* * *
* * *
Русский имажинизм (1918–1924) можно рассматривать как некий несвоевременный дендизм[1] послереволюционной эпохи. Если принять точку зрения И. П. Смирнова о преимущественно катахрестическом восприятии мира в русском авангарде,[2] то имажинистское самопонимание группы как «самозарожденной» и занимание особой позиции представителей старой и новой культур одновременно хорошо с этим восприятием согласуется. Очевидная связь с англо-американскими имажистами-вортицистами ими самими отвергалась.[3] Предшествующие им символизм и футуризм, из своеобразного сочетания которых имажинизм и создан, резко ими отрицались в «Декларации» 1918 г. Дендизм и «уайльдовщина» имажинизма представляют собой остатки минувшей декадентской эпохи.

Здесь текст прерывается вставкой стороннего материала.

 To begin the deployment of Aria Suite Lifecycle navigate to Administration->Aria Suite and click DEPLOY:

Анатолий Мариенгоф (1897–1962) в истории литературы известен исключительно как имажинист и историк имажинизма. Юность он провел в городе Пензе, где развивал свой пензенский имажинизм вместе со школьным приятелем Иваном Старцевым.[4] По всей вероятности, юные пензенские поэты могли познакомиться с интервью вортициста Эзры Паунда по сборнику «Стрелец» в 1915 г.[5] В среде своих «зрелых» московских коллег-имажинистов Мариенгофа потом часто характеризовали как «рожденного с имажинизмом» или имажиниста par excellence.[6] Это отражается и в его дендизме, которым он выделялся среди друзей, хотя его «отточенные мужественные манеры» даже им самим воспринимались как остатки блеска декадентского дендизма Оскара Уайльда.[7]

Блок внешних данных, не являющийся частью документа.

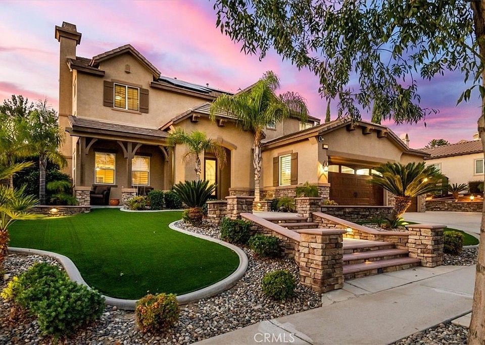 STUNNING! EXTRAORDINARY! GORGEOUS!! Just a few words to describe your new home!! Every square foot of this property is tastefully designed, updated and maintained. This house is the definition of "Turnkey" Combining luxury and comfort this house aims to please all! With 4 bedrooms and 3 bathrooms this residence has been meticulously crafted with both modern updates and timeless sophistication. Step inside the double leaded glass front doors into the formal entry with soaring 2-story ceilings and gorgeous wrought iron staircase, and real wood flooring that leads you through the home. To the left of the entry is the formal living room with handsome fireplace and an abundance of natural light. Beyond the living room is a space for a formal dining room or use as a bonus room, as the current owners have. With custom glass sliding doors to separate the spaces, this room can truly be whatever you need. There is also an office/den downstairs with full bathroom. Now to the piece de resistance...the KITCHEN!! This space has been thoughtfully updated with high end custom cabinetry, stainless steel appliances, quartz counter tops, coffee bar with beverage refrigerator and opens to the spacious family room and breakfast nook! You will truly fall in love with cooking in this kitchen! The family room offers custom electronic blinds, fireplace and built-in cabinets. The backyard is an absolute oasis and features salt water pool with spa, Palapa with 7 burner BBQ, kegerator, surround sound, fire pit area, large covered patio area with TV mount, custom dual trampoline, shed and possible RV parking. The primary suite is a serene escape with updated spa like bathroom that exudes relaxation. There are 3 additional over-sized bedrooms upstairs and additional full bathroom. Located within the Etiwanda school district with highly sought after schools, do not delay in seeing this home in person. Did I mention paid off solar panels?!! There is also EV charger in the garage. Do not miss this one!

Оскар Уайльд как поэтическая фигура, имморалист, эстет и денди играет особую роль в имажинизме. Его имя и реминисценции из его текстов встречаются во всех основных теоретических работах имажинистов. Вадим Шершеневич использовал в своей главной имажинистской теоретической работе «2x2=5» такую уайльдовскую формулировку как «искусство всегда условно и искусственно».[8] В статье «Буян-Остров» (1920) Мариенгоф усвоил концепцию Уайльда из предисловия к «Портрету Дориана Грея» (1891), где тот писал: «Нет ни нравственных ни безнравственных книг. Есть книги, хорошо написанные, и есть книги, плохо написанные. Только».[9] Мариенгоф повторяет эти слова, скрывая их за «старой истиной» и не указывая на источник: «Жизнь бывает моральной и аморальной. Искусство не знает ни того, ни другого».[10] А при удобном сочетании искусства (не знающего разделения на моральное — аморальное) и жизни (где это разделение существует) получается нечто третье — жизнетворческий и дендистский имморализм, т. е. осознанный индивидуалистский отказ от господствующих ценностей, который Мариенгоф перенимает у Уайльда. «Уайльдовщина» имажинистов была анахронизмом, запоздалой модой на эстетствующий дендизм начала века и на Уайльда, ставшего уже достоянием литературной истории после культа декадентов и многих лет «уайльдовщины» символистов. Мариенгофа неоднократно называли «пензенским Уайльдом»[11] и не только потому, что его жена, актриса Камерного театра Анна Никритина, играла роль пажа в пьесе Уайльда у Таирова. В имажинистском «театре жизни» Мариенгоф играл роль самого Уайльда. Имеет свои основания также упоминаемое в воспоминаниях современников внешнее сопоставление Саломеи из рисунков Обри Бёрдсли и жены Мариенгофа, но в такие биографические аналогии мы углубляться не будем. Пьеса Уайльда «Саломея» (1892) оказалась исключительно важным подтекстом для имажинистского творчества Мариенгофа. Революционная трактовка — отвлеченная и расширенная — воспринимается Мариенгофом положительно. С этой точки зрения неудивительно, что провозглашенный Уайльдом радикальный эстетизм повлиял на имажинистский журнал «Гостиница для путешествующих в прекрасном».[12]